Подсел ко мне, уважительно поговорил. Похвалил:
– Ты духарь.*****) А Васька, падло, много на себя взял. Он порчак, натуральный торбохват, его уже приземлили, лишили воровским куском хлеба... Слушай, ты все-таки, когда тебе кешер обломится, немножко мне давай. Немножко. А то неудобно, понял? А не будет у тебя, возьми у нас. – Своими светлыми широко расставленными глазами он показал на решку, утыканную пайками и свертками с едой. – У нас много.
Я его понимал: Николе не хотелось шумного скандала, зачем?
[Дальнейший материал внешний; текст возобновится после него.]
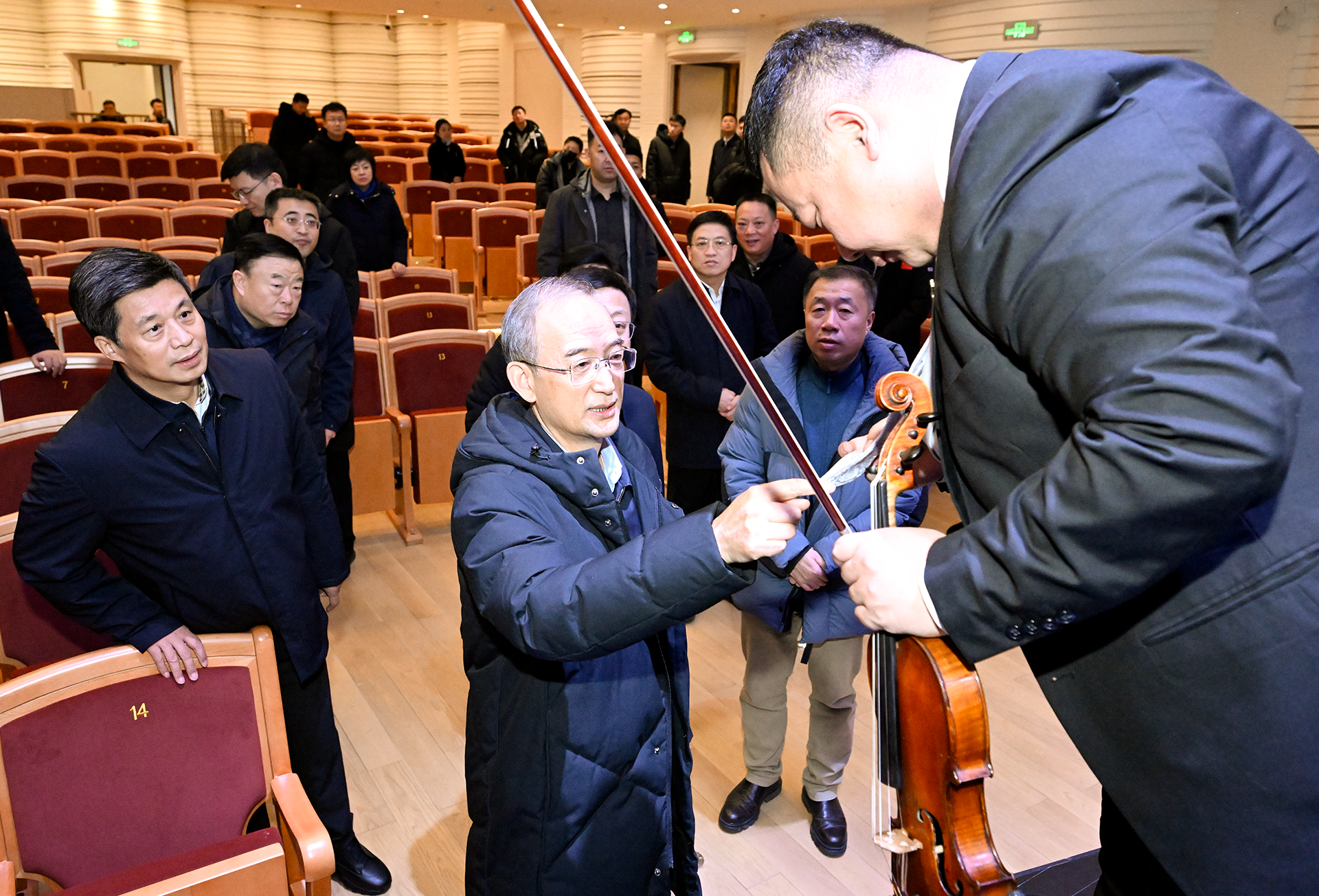 12月6日,省委书记黄强到长春丰乐剧场旧址调研,与省交响乐团成员亲切交流。
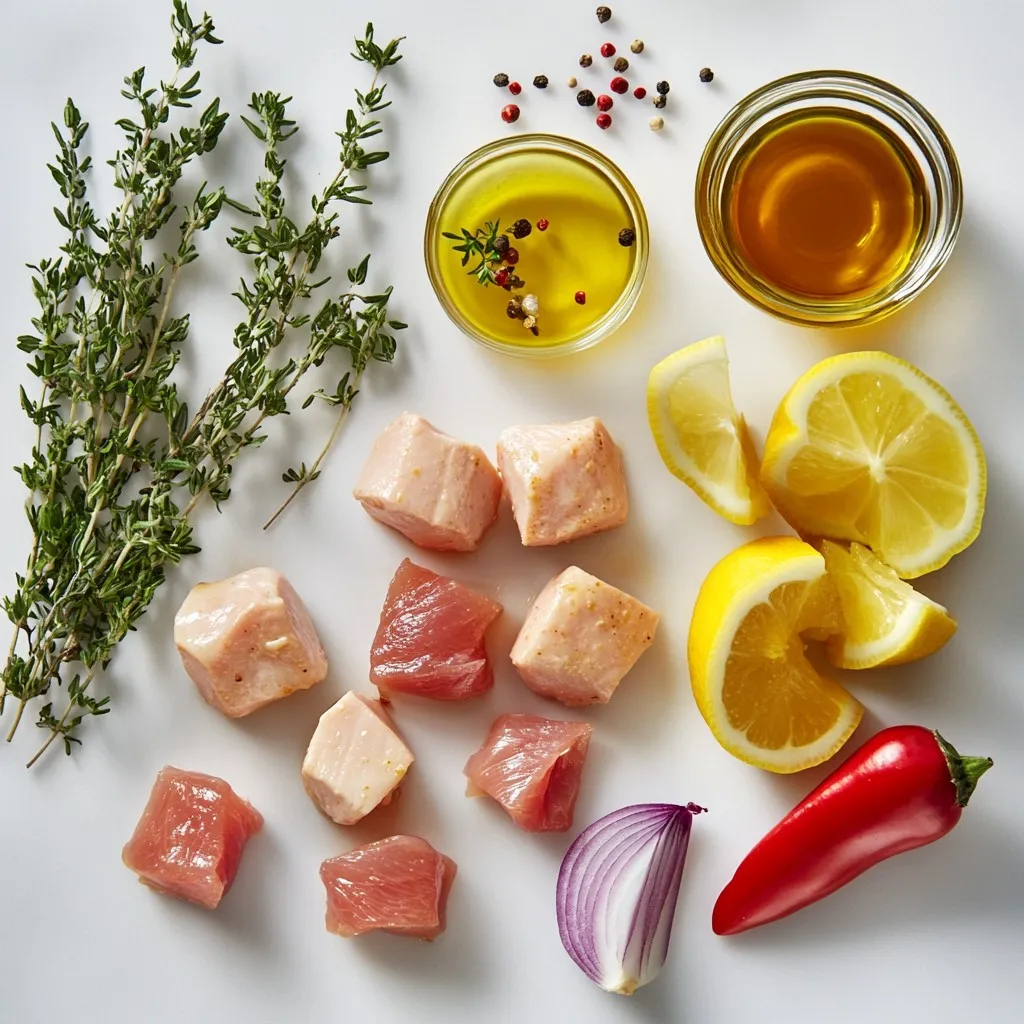 To get juicy chicken in your kabobs, use fresh chicken. Cut it into 1-inch cubes. Marinate it in the lemon-herb mix for at least 30 minutes. If you have time, let it sit longer, up to two hours. This helps the flavors soak in. The olive oil in the marinade helps keep the chicken moist while grilling.

У них действительно еды было много. Но для поддержания авторитета надо было взимать с меня хотя бы символическую дань. И я пошел на компромисс, мне тоже не хотелось скандала. Угощал его чем-нибудь, но от его угощения мягко отказывался.
Воры относились с Николе с почтением, даже с подобострастием. Сама кличка "Сибиряк" этому способствовала: сибирские воры считались наиболее уважаемыми. За ними следовали ростовские – а московские стояли на нижней ступеньке иерархической лестницы.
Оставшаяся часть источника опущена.